Please output exactly the part of the records below that opens with the line containing "right side trim." and closes with the line containing "Robotic arm sketch, detailed", both lines included, and nothing else.

::::::::::

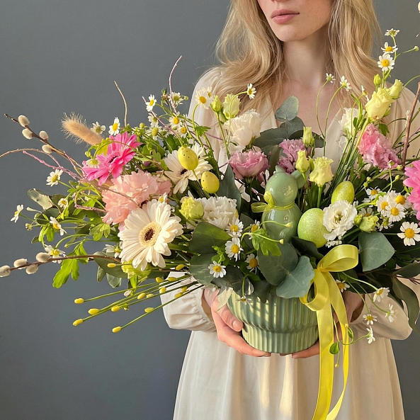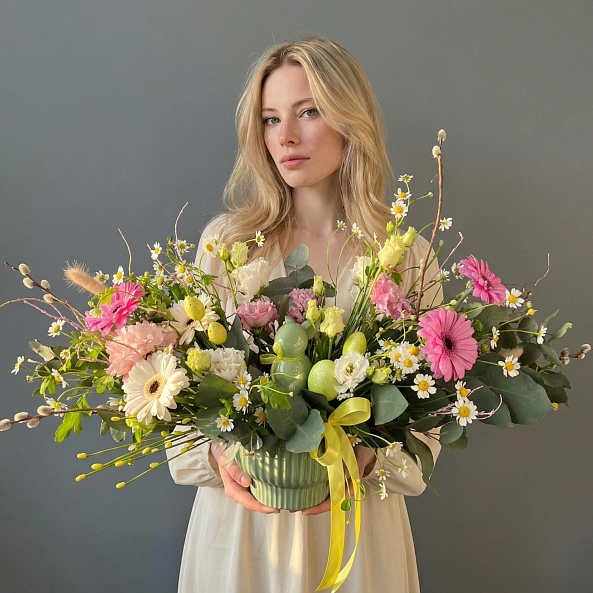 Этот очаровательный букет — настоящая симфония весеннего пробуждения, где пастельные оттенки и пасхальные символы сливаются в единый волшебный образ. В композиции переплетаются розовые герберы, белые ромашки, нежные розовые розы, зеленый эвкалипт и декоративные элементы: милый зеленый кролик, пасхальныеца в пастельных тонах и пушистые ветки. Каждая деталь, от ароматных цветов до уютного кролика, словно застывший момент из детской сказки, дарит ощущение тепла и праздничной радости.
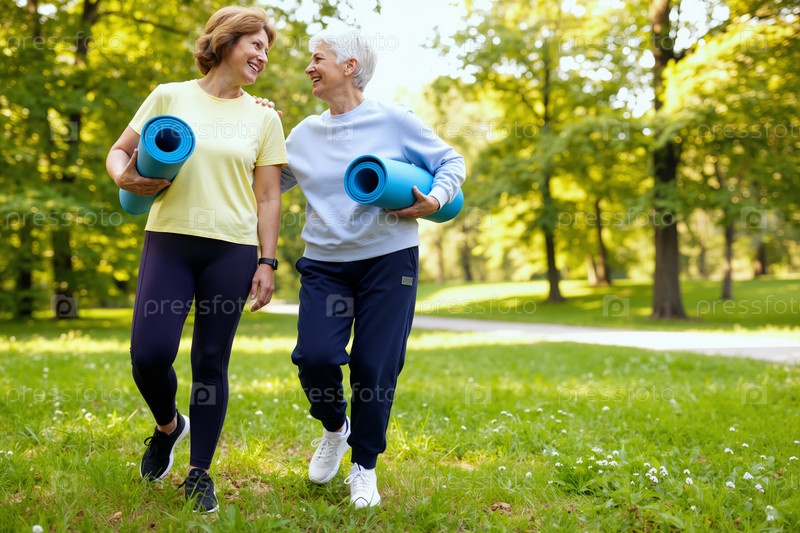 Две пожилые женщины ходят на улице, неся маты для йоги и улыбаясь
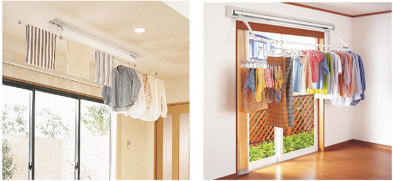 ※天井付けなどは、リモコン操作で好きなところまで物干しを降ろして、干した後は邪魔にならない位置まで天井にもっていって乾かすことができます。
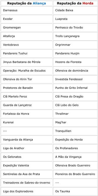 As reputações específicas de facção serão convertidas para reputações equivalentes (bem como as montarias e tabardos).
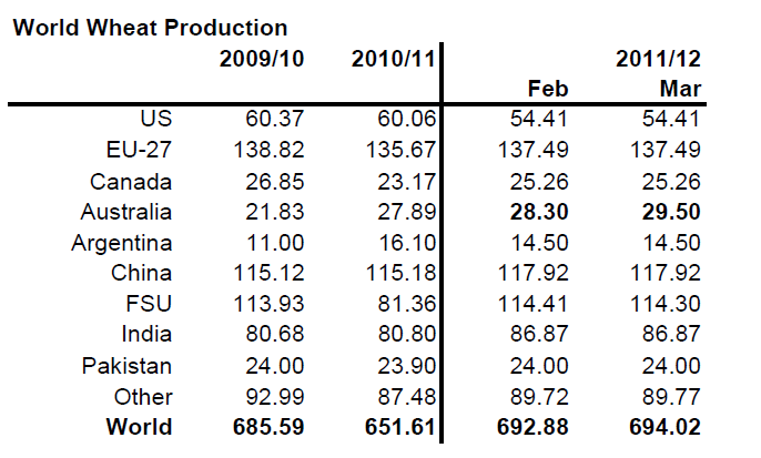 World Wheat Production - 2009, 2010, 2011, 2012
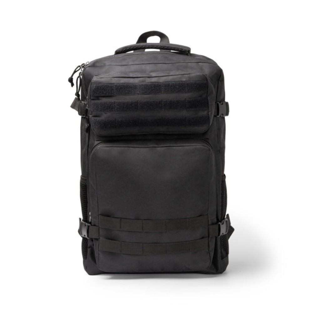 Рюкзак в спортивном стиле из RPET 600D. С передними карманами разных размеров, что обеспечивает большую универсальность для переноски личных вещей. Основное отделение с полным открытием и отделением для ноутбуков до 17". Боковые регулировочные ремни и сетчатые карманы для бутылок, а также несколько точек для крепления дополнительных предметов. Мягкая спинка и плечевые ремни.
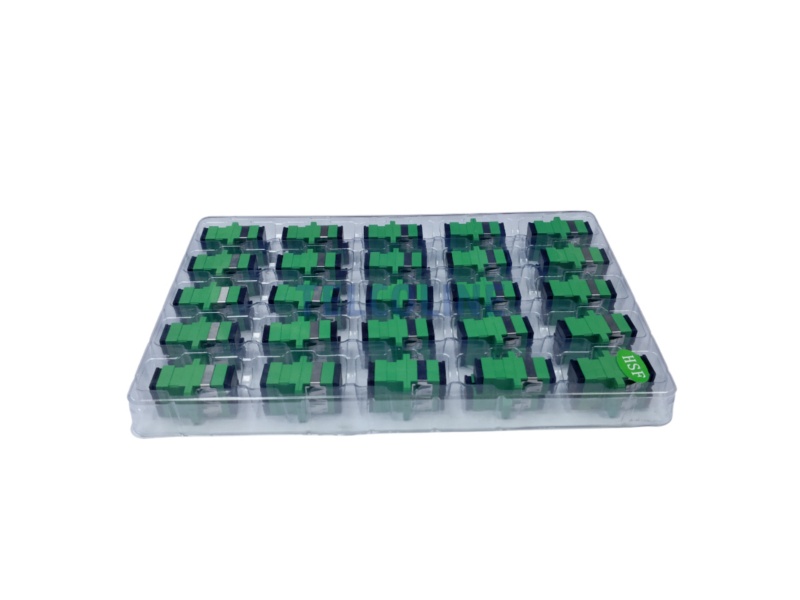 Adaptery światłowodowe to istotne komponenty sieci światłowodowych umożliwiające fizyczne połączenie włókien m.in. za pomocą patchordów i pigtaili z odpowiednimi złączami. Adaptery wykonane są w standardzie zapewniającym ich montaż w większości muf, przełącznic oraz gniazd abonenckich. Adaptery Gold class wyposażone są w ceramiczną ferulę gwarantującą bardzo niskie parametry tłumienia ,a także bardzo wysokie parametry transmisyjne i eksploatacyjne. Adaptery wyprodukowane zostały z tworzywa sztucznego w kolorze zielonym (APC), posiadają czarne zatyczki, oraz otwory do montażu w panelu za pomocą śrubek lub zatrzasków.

::::::::::

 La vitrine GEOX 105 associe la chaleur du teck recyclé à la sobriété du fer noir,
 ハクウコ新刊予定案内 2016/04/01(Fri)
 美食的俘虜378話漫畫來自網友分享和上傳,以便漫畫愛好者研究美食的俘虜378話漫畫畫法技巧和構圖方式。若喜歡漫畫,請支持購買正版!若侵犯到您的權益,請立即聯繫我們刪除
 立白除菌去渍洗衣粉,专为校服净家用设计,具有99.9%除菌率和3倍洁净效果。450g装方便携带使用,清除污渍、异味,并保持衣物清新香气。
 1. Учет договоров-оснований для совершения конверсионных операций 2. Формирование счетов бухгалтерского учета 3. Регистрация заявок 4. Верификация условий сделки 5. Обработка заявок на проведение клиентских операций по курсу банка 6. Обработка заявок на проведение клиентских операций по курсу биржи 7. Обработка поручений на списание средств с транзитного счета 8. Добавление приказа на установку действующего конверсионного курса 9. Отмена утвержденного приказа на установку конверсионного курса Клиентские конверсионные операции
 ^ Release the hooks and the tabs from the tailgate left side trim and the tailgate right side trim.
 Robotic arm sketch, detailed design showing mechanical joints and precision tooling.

::::::::::

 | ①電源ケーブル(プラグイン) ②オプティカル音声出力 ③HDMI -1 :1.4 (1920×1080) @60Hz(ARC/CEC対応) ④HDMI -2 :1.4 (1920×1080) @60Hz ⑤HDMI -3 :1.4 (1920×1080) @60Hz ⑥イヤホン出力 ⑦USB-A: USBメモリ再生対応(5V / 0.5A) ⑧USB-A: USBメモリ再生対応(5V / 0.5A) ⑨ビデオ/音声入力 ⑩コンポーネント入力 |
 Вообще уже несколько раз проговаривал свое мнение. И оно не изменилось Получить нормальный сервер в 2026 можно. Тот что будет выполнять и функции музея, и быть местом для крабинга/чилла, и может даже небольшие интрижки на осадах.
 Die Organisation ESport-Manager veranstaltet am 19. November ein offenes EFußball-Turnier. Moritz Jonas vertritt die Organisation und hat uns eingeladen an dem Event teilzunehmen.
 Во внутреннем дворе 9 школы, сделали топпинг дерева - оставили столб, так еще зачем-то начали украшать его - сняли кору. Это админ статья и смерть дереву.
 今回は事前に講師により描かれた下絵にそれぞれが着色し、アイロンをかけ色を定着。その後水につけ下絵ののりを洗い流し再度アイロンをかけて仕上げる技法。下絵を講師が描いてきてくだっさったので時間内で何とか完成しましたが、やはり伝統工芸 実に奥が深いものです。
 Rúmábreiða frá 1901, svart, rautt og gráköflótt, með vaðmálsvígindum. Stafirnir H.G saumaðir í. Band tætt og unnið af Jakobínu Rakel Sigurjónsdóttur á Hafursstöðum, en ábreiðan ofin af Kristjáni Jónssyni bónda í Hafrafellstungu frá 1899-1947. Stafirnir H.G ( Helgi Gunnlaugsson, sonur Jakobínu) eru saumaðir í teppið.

::::::::::

§ ANSWER SECTION:
 ^ Release the hooks and the tabs from the tailgate left side trim and the tailgate right side trim.
 Robotic arm sketch, detailed design showing mechanical joints and precision tooling.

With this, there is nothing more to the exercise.